6. The detection method according to claim 1, characterized in that, The test report includes processing recommendations; The first execution plan and the second execution plan, based on the similarity being greater than or equal to a first similarity threshold, generate a detection report on the data warehouse, and output the detection report, including: When the similarity between the first execution plan and the second execution plan is equal to a third similarity threshold, a processing suggestion is output, which is used to indicate that the first data of the processing request requirement has been stored in the data warehouse.

7. The detection method according to claim 1, characterized in that, The test report includes a form; The process generates a detection report for the data warehouse based on a first execution plan and a second execution plan whose similarity is greater than or equal to a first similarity threshold, and outputs the detection report, including: Based on preset table creation rules, the first execution plan and the second execution plan, whose similarity is greater than or equal to the first similarity threshold, are processed to obtain a table.

8. A detection device for a data warehouse, characterized in that, The detection device includes: A first acquisition module is configured to respond to a processing request for first data from a terminal device, and determine a first execution plan corresponding to the first data based on the processing request; the processing request includes storing the first data into the data warehouse; storing the first data into the data warehouse includes processing the original data according to the first execution plan to obtain the first data and storing the first data into the data warehouse; the original data includes data other than the data in the data warehouse; The second acquisition module is used to acquire the second data stored in the data warehouse and the second execution plan corresponding to the second data; The first determining module is used to determine the degree of similarity between the first execution plan and the second execution plan based on preset execution plan processing rules; The first output module is used to generate a detection report on the data warehouse based on a first execution plan and a second execution plan whose similarity is greater than or equal to a first similarity threshold, and output the detection report. The detection report is used to instruct relevant personnel to adjust the data hierarchy of the data warehouse or to adjust the processing request.

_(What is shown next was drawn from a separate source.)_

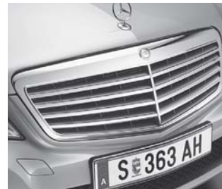
Kühlergrill silber lackiert

9. A computer device, characterized in that, The computer device includes a memory and a processor; The memory is used to store computer programs; The processor is configured to execute the computer program and, in executing the computer program, implement the data warehouse detection method as described in any one of claims 1 to 7.

10. A computer-readable storage medium storing a computer program thereon, characterized in that, When the computer program is executed by a processor, it implements the steps of the data warehouse detection method as described in any one of claims 1 to 7.